Figures to be compared with those of the nutrivigilance system of the National Agency for Food, Environmental and Occupational Health Safety (ANSES) which recorded 282 reports of adverse effects linked to their consumption last December. . Food supplements are therefore attractive, but not all harmless.
How to navigate
Among the food supplements with proven benefits, it is accepted that folic acid, taken before and during the first trimester of pregnancy, helps prevent spina bifida, a birth defect. Others compensate for the deficit (2) of nutrients (3) due to particular situations.
Thus, “it has been shown that multivitamin supplements are beneficial after digestive tract operations, and that iron and vitamin B12 can be justified for women having particularly heavy periods”, indicates Jacques Fricker (4), nutritionist at Bichat hospital in Paris.
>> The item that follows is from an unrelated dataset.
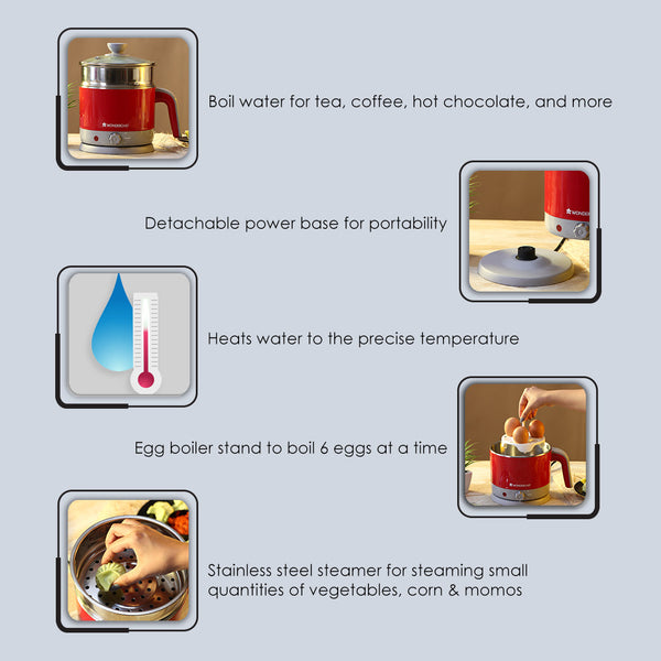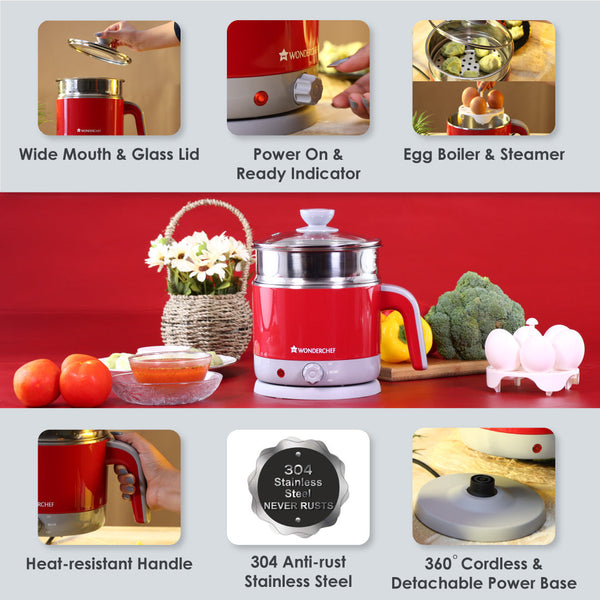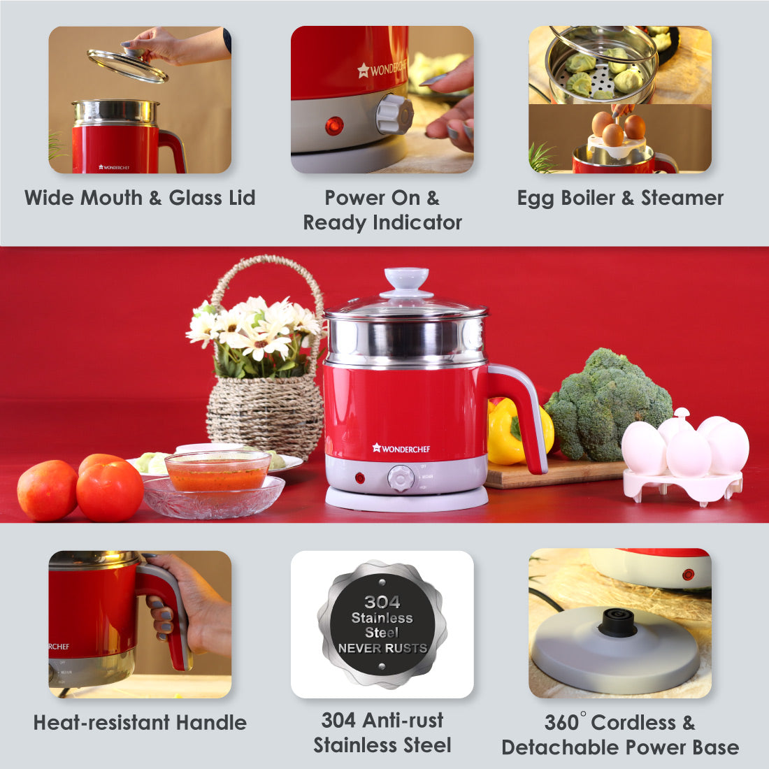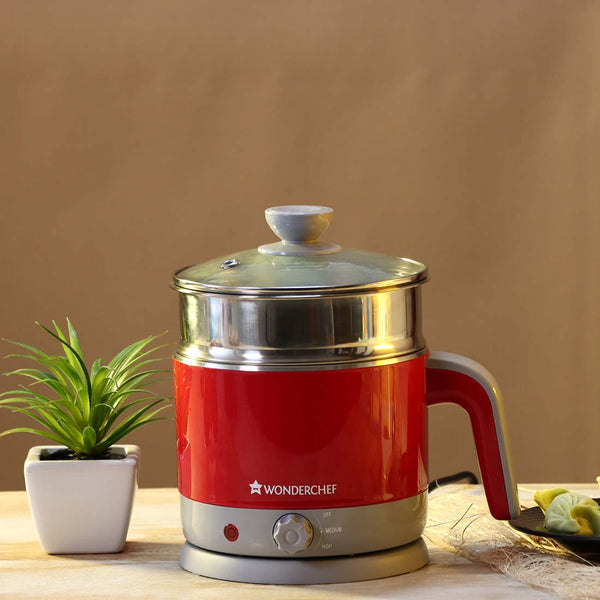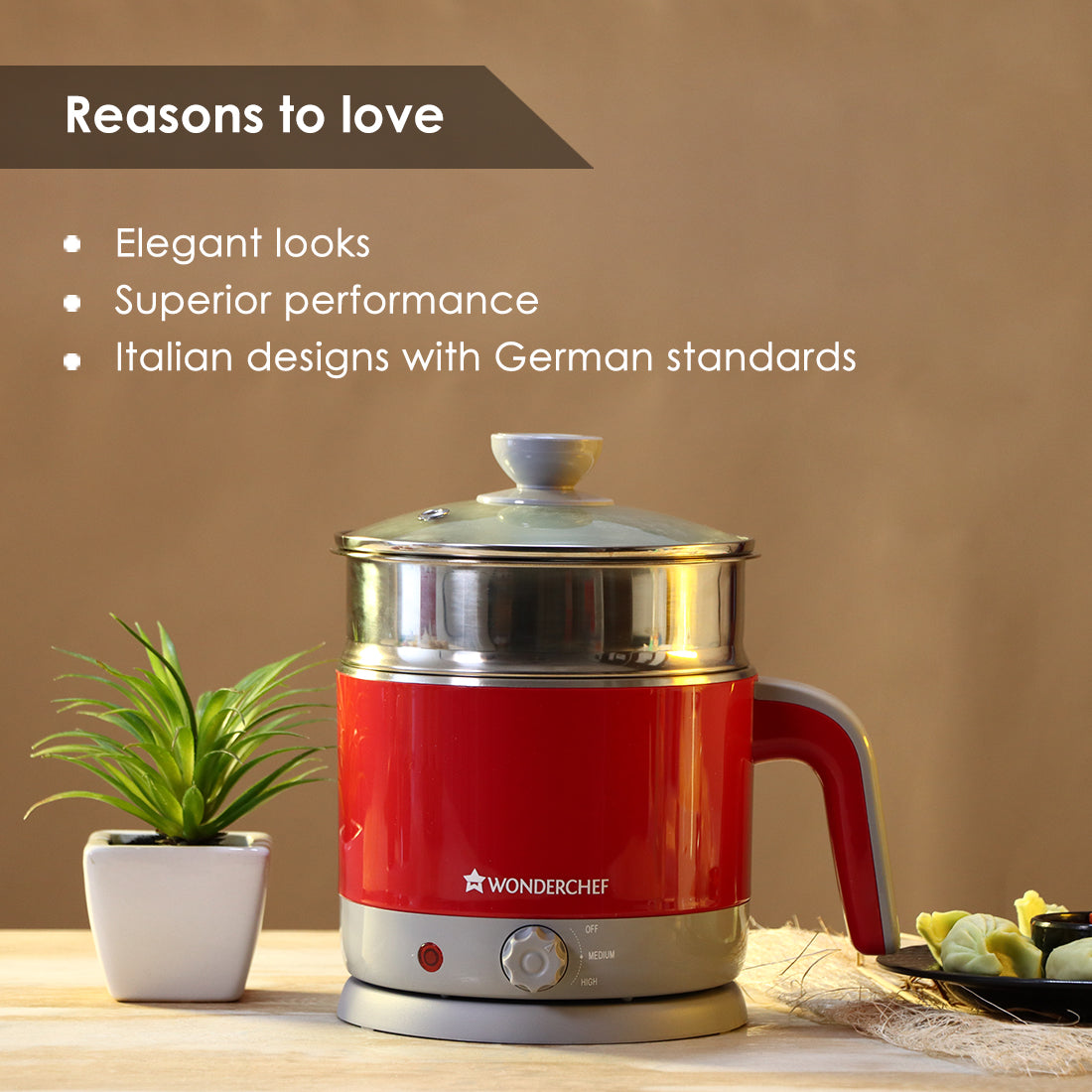 LUXE Multicook Stainless Steel 1.2 L Electric Kettle, 1000W, Red

Last example: vitamin D, useful in the event of a lack of sunlight, for growing children and the elderly at risk of osteoporosis (5).
Conversely, some can harm the health of some consumers. Vitamins A and E are not recommended for pregnant women because they can cause birth defects in their babies. Another example is vitamin D, which an American study indicates that the risk of invasive breast cancer increased in women by taking more than 600 IU (6); a phenomenon that will be studied among French women as part of the VitaOx study, led by Mathilde Touvier and Marie-Christine Boutron-Ruault (7).
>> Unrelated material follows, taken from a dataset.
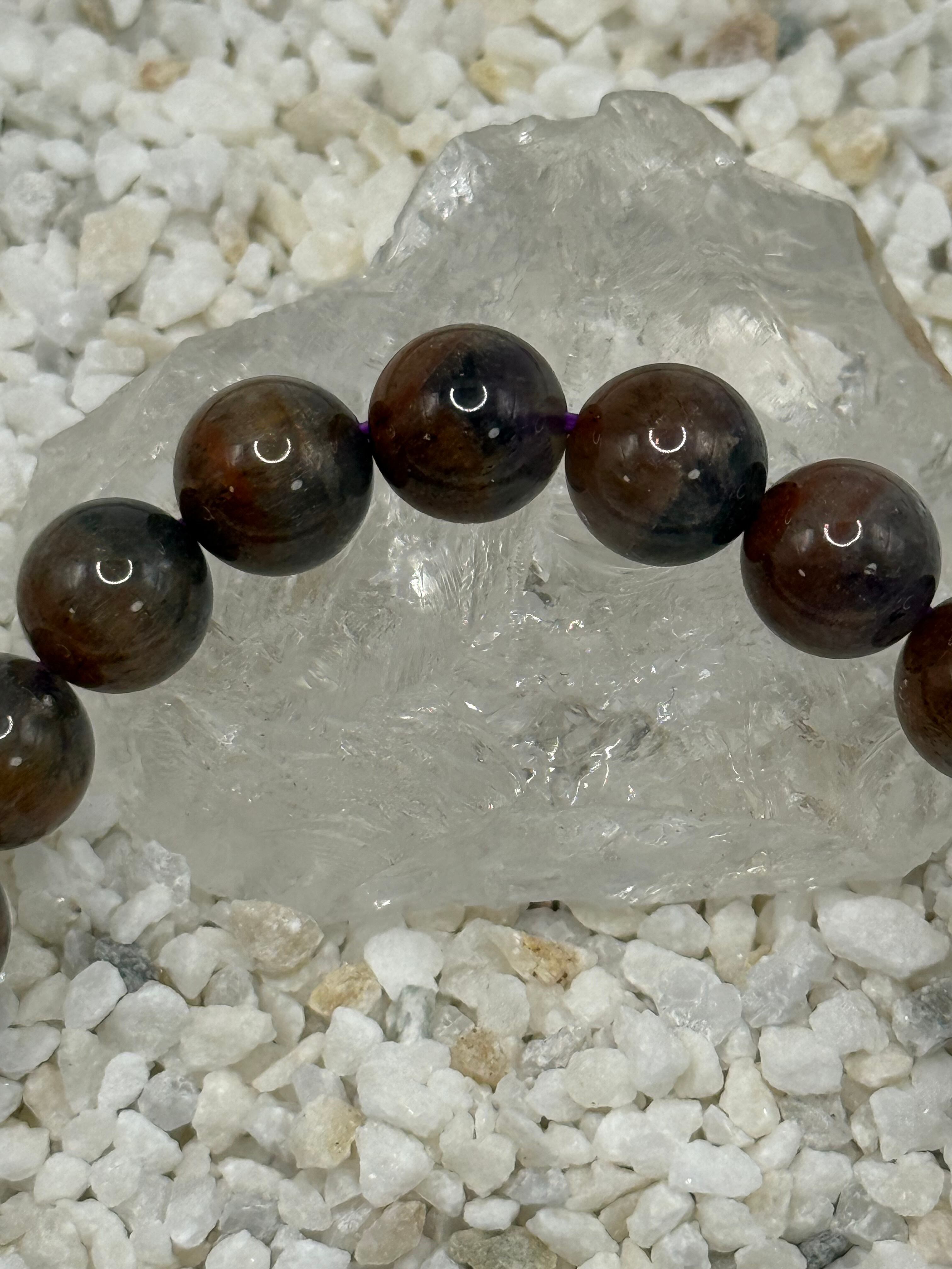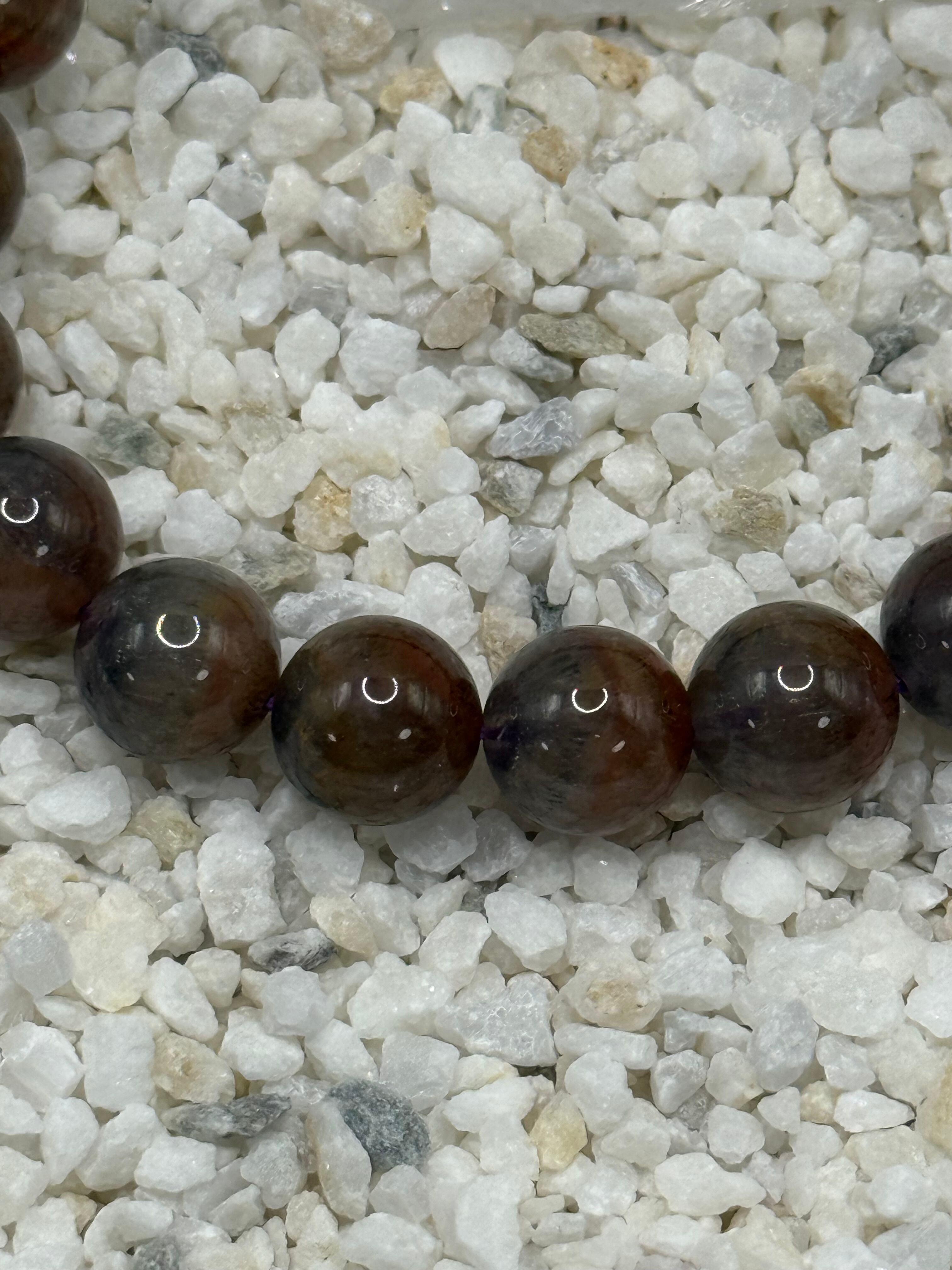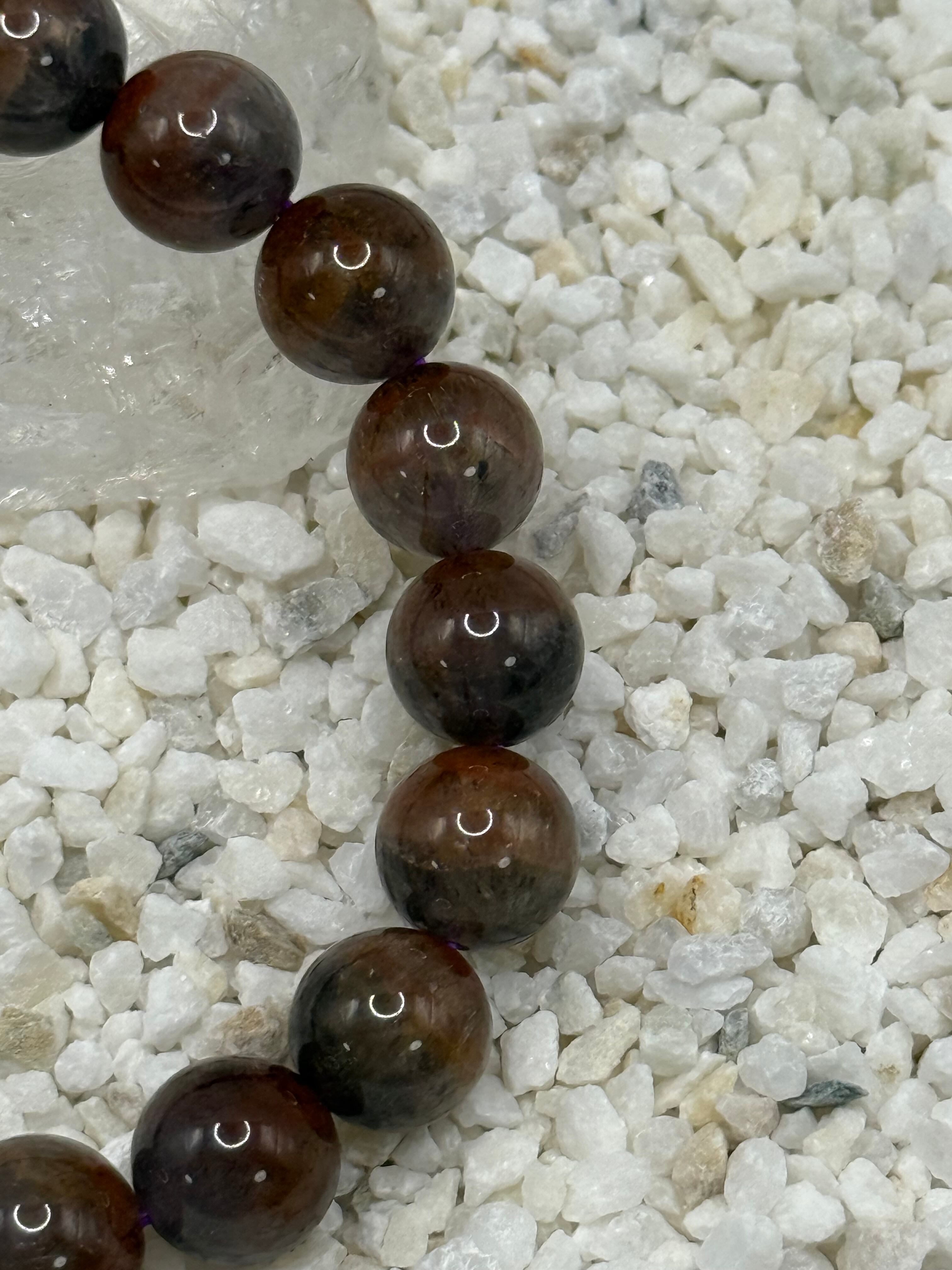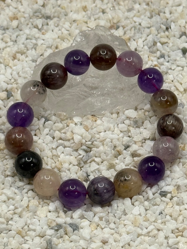 このオーラライト23 10mmブレスレットは、アメジストを母体に複数の鉱物が共生する非常に希少な天然石を使用しています。深みのある紫色を基調に、内包物が生み出す複雑で奥行きのある表情が魅力です。

We can also cite food supplements based on phytoestrogens (8), in particular those derived from soy isoflavones, which ANSES advises against to people having, or having had, hormonal-dependent cancer (9), and to patients treated with tamoxifen or lezotrozole, which block the action and production of estrogen, respectively.
Drug interactions
The second problem encountered is the interaction with drugs. Various studies warn about this phenomenon, in particular for St. John’s Wort, qualified as a natural antidepressant, which interacts with twenty families of drugs.
Moreover, these interactions are not without consequences, as evidenced by the reports of adverse effects received by ANSES following the consumption of food supplements based on red yeast rice. In this case, the risk identified is that this product duplicates anti-cholesterol treatments based on statins (10)
Compositions are falsified
The negative effects can also come from too strong doses or from “unfortunate” associations as for p-synephrine which combines the two throughs. This compound, obtained from bitter orange peel, is sold as a slimming supplement. However, last May, ANSES issued an opinion indicating that these products should not exceed a content of 20 mg of p-synephrine, nor contain caffeine “because of their cumulative, or even synergistic, cardiovascular effects,” specifies the agency.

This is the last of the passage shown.